ACTION ITEM:
The expected answer is the full listing, repeated exactly and free of images.

STORED DATA:
+++++
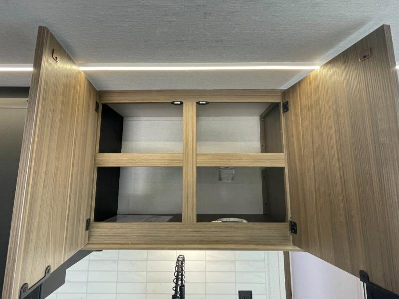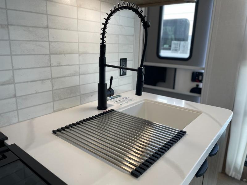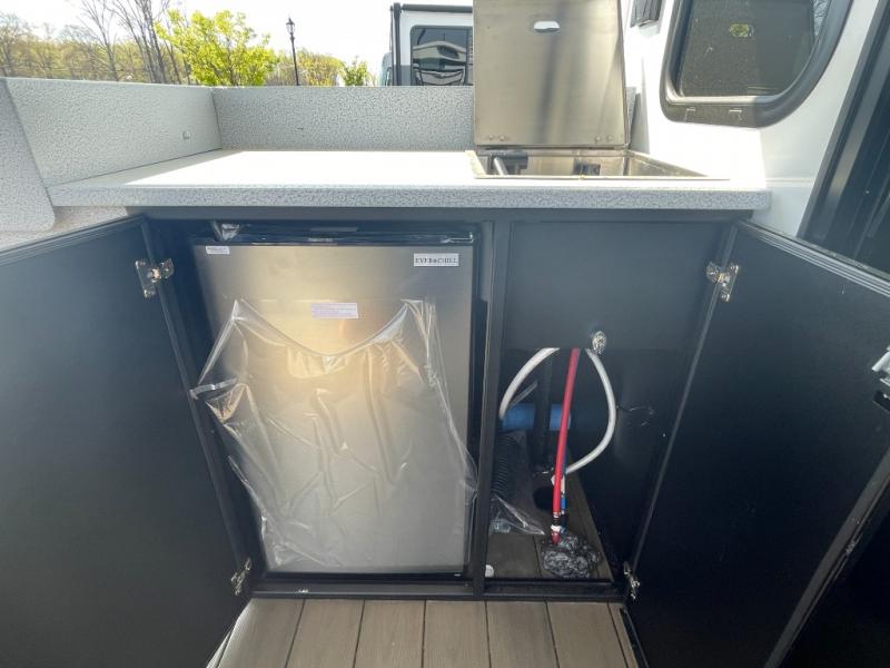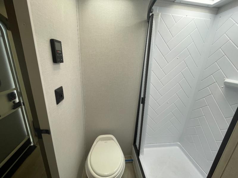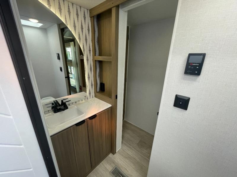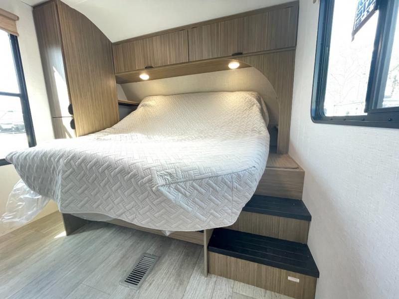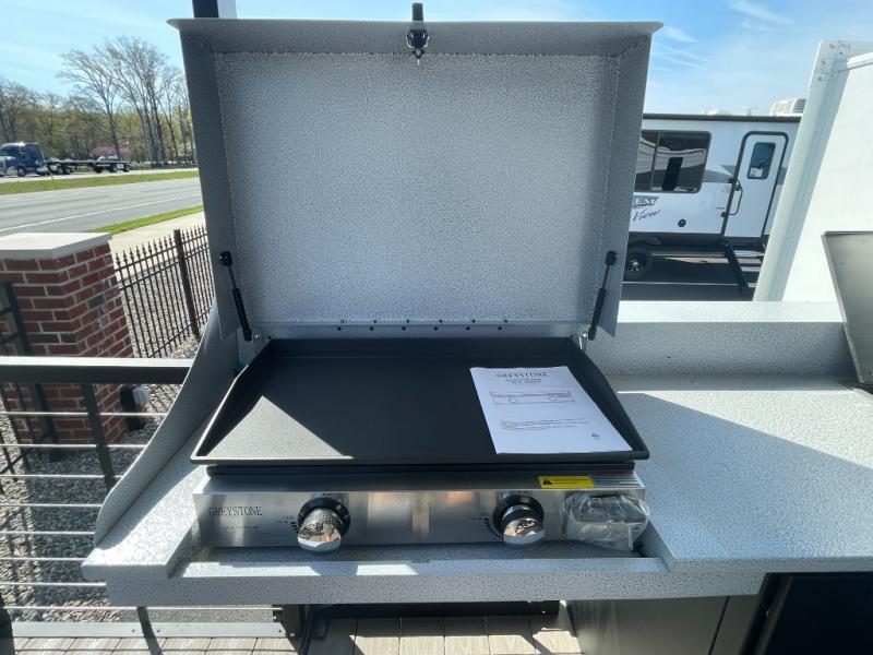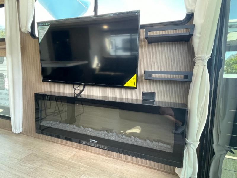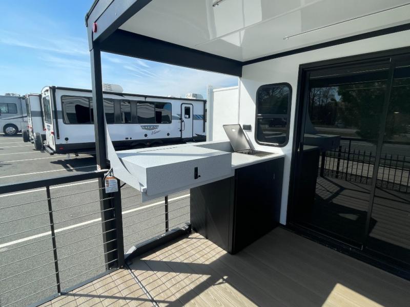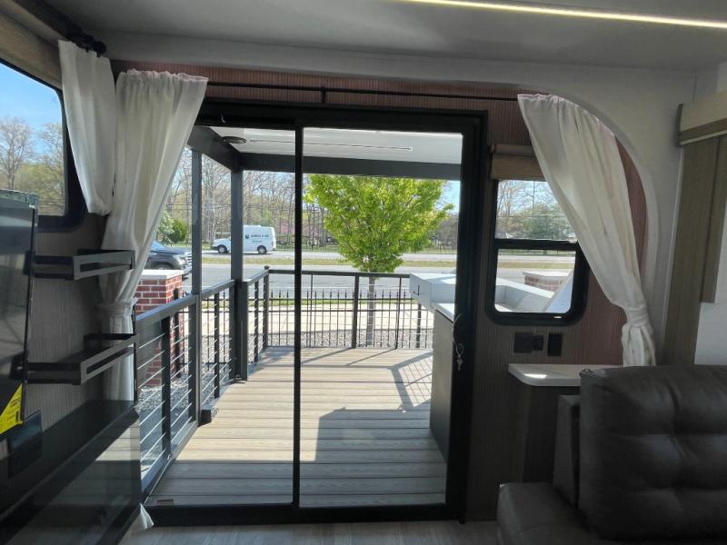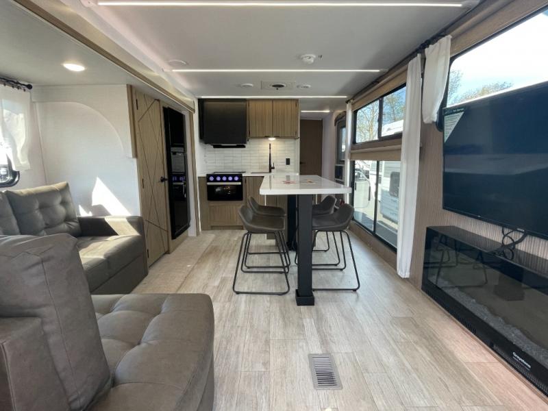 This travel trailer will feel more like home with its rear veranda/porch, dual entry doors, and front private bedroom! There is an outdoor kitchen on the back porch so you can make lunch in the fresh air, and the patio doors lead right into the main living area. Your crew can relax on the L-shaped sofa across from the fireplace, which will make your space more cozy. A kitchen island with four chairs will provide a place to dine at, and there is a spacious pantry and refrigerator for food storage. You will love having your own space in the private bedroom, and the Versa-Tilt custom king bed will let you sit up in bed to read your book at night.
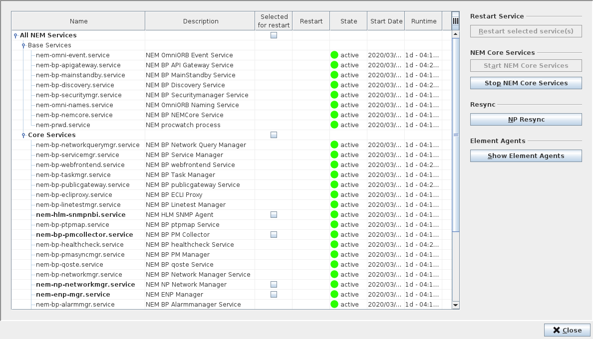 NEM Core Services | - Start NEM Core Services Starts the Core Services listed in the tree under “Core Services”. - Stop NEM Core Services Stops the Core Services listed in the tree under “Core Services”. |
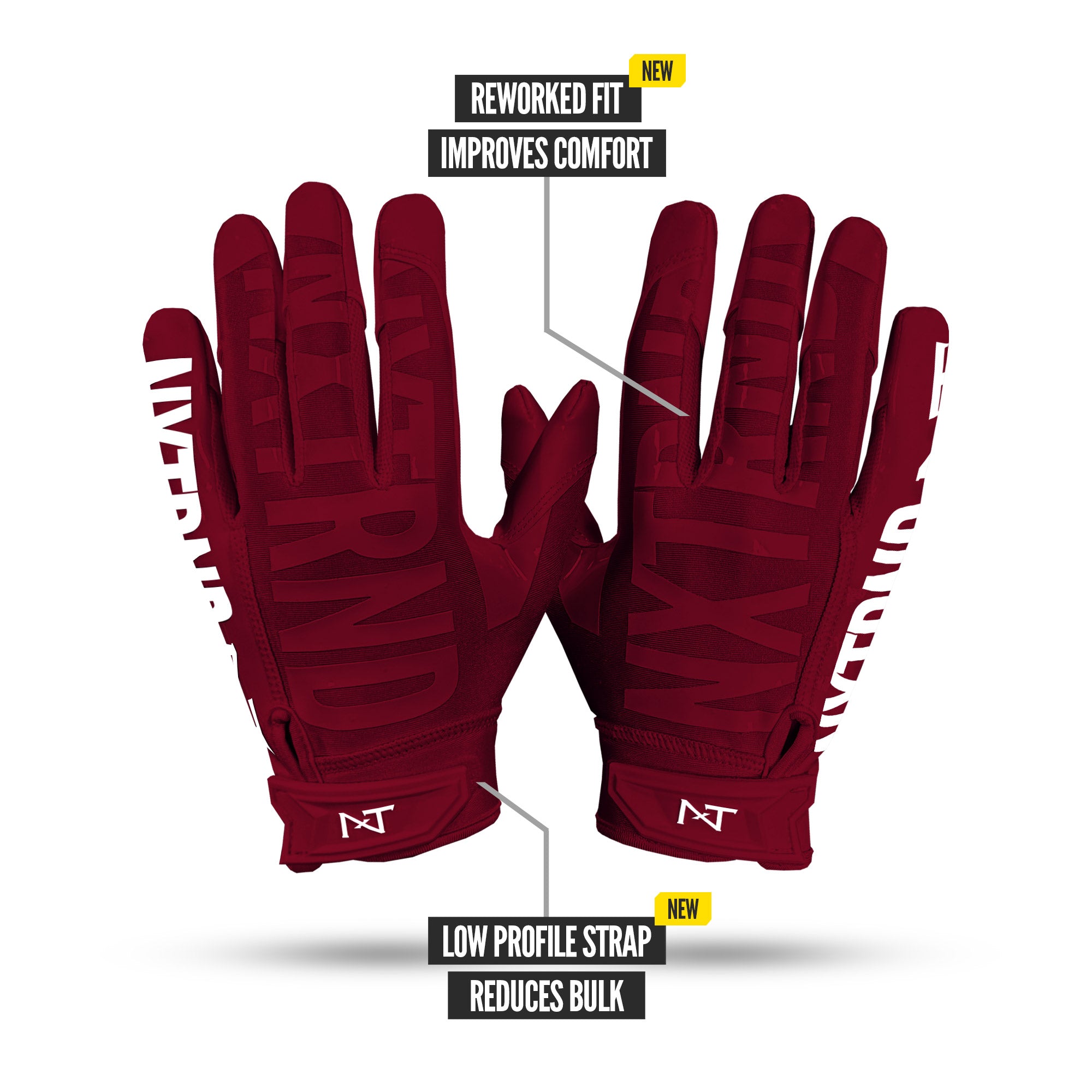 Play like the pros with NXTRND G1 Pro® football gloves: reworked fit. shorter finger caps for better ball feel. and updated stitching to reduce bulk.
+++++
ANSWER AREA:
 This travel trailer will feel more like home with its rear veranda/porch, dual entry doors, and front private bedroom! There is an outdoor kitchen on the back porch so you can make lunch in the fresh air, and the patio doors lead right into the main living area. Your crew can relax on the L-shaped sofa across from the fireplace, which will make your space more cozy. A kitchen island with four chairs will provide a place to dine at, and there is a spacious pantry and refrigerator for food storage. You will love having your own space in the private bedroom, and the Versa-Tilt custom king bed will let you sit up in bed to read your book at night.
 NEM Core Services | - Start NEM Core Services Starts the Core Services listed in the tree under “Core Services”. - Stop NEM Core Services Stops the Core Services listed in the tree under “Core Services”. |
 Play like the pros with NXTRND G1 Pro® football gloves: reworked fit. shorter finger caps for better ball feel. and updated stitching to reduce bulk.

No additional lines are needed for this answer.